§ **BRIEF**: Where a picture appears, skip it and copy everything else in the listing exactly.

§ **GIVEN DATA**:
***

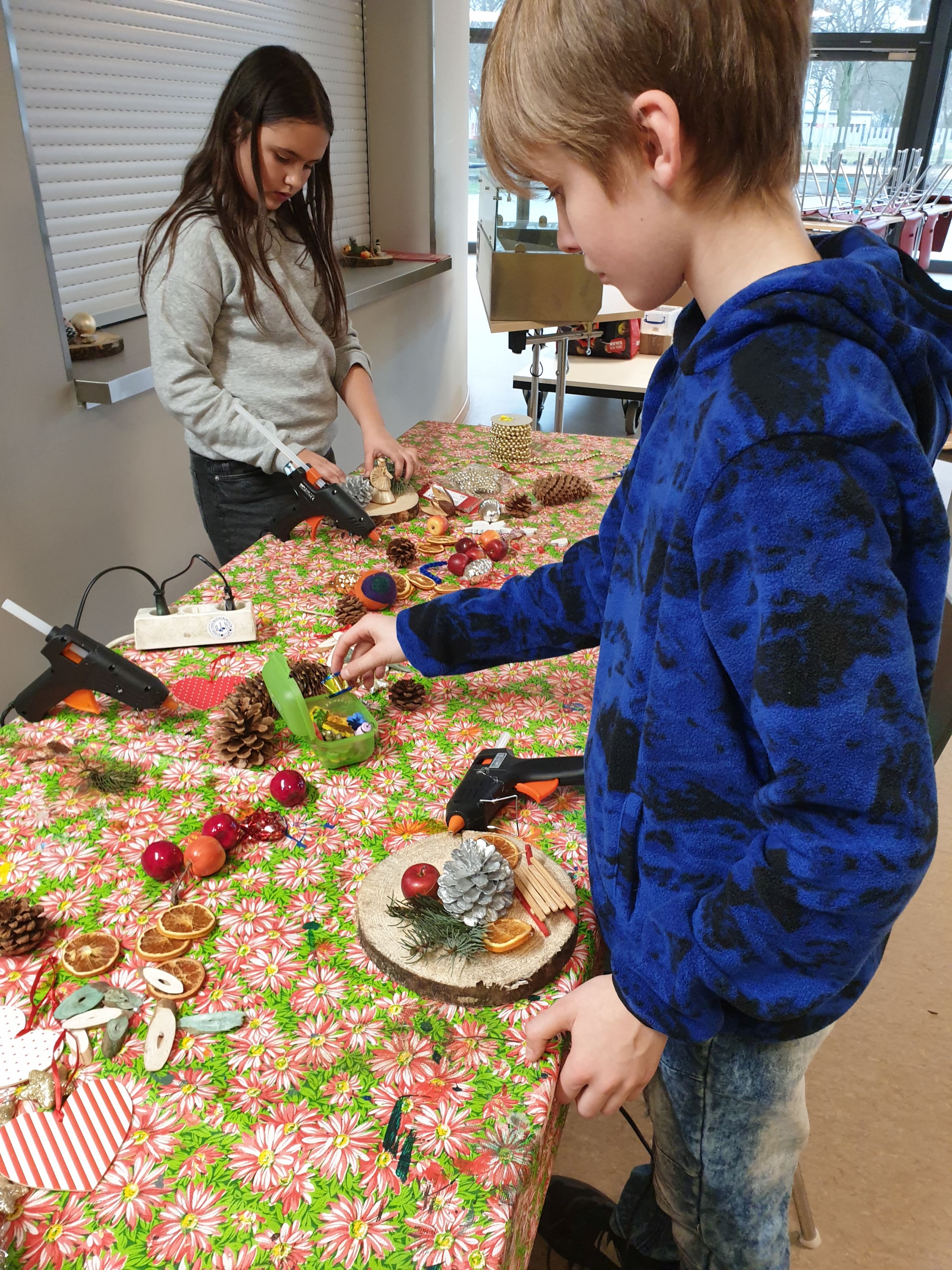 Unter der Anleitung von Frau Schulze-Bubbe entstanden zauberhafte Weihnachtsterne aus Butterbrotpapiertüten – sowohl in groß als auch in klein. Eine weitere Station lud dazu ein, niedliche Bommelmützen aus Wolle zu basteln, die später als Baumschmuck dienten. Holzanhänger warteten darauf, kunstvoll bemalt zu werden. Weihnachtskarten in 3D wurden mit Hingabe gestaltet. Weihnachtliche Figuren aus Papprollen erweckten die Fantasie der Kinder. Sensationelle Gestecke aus Baumscheiben mit glanzvoller Dekoration ließen die Augen der jungen Künstler*innen strahlen.
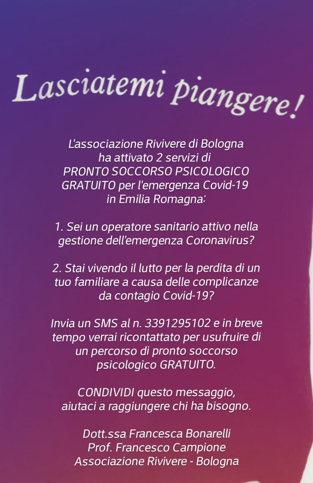 L’Associazione RIVIVERE di Bologna, da anni impegnata nel supporto psicologico a persone che hanno vissuto un lutto, ha deciso in questa fase drammatica della pandemia di coronavirus di attivare 2 servizi di PRONTO SOCCORSO PSICOLOGICO GRATUITO PER L’EMERGENZA DI Covid-19 in Emilia Romagna.
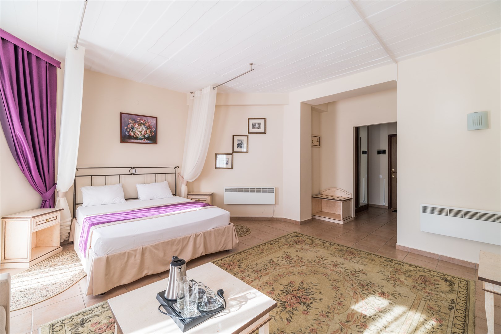 Центральным акцентом интерьера становится двуспальная кровать с изящным балдахином, задающая атмосферу уюта и приватности.
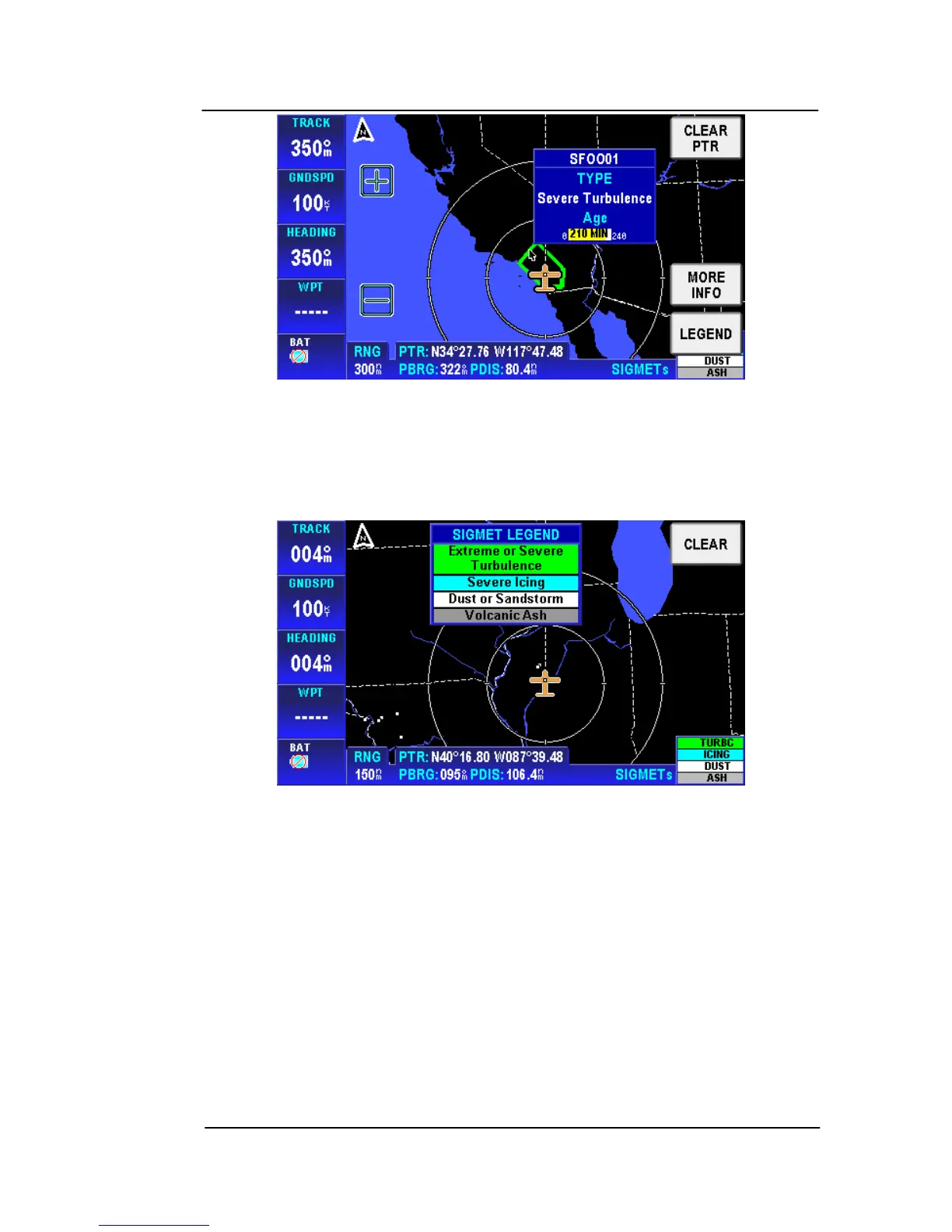 Tap on the LEGEND soft key to display the SIGMET Legend

***

§ **ANSWER SECTION**:
 Unter der Anleitung von Frau Schulze-Bubbe entstanden zauberhafte Weihnachtsterne aus Butterbrotpapiertüten – sowohl in groß als auch in klein. Eine weitere Station lud dazu ein, niedliche Bommelmützen aus Wolle zu basteln, die später als Baumschmuck dienten. Holzanhänger warteten darauf, kunstvoll bemalt zu werden. Weihnachtskarten in 3D wurden mit Hingabe gestaltet. Weihnachtliche Figuren aus Papprollen erweckten die Fantasie der Kinder. Sensationelle Gestecke aus Baumscheiben mit glanzvoller Dekoration ließen die Augen der jungen Künstler*innen strahlen.
 L’Associazione RIVIVERE di Bologna, da anni impegnata nel supporto psicologico a persone che hanno vissuto un lutto, ha deciso in questa fase drammatica della pandemia di coronavirus di attivare 2 servizi di PRONTO SOCCORSO PSICOLOGICO GRATUITO PER L’EMERGENZA DI Covid-19 in Emilia Romagna.
 Центральным акцентом интерьера становится двуспальная кровать с изящным балдахином, задающая атмосферу уюта и приватности.
 Tap on the LEGEND soft key to display the SIGMET Legend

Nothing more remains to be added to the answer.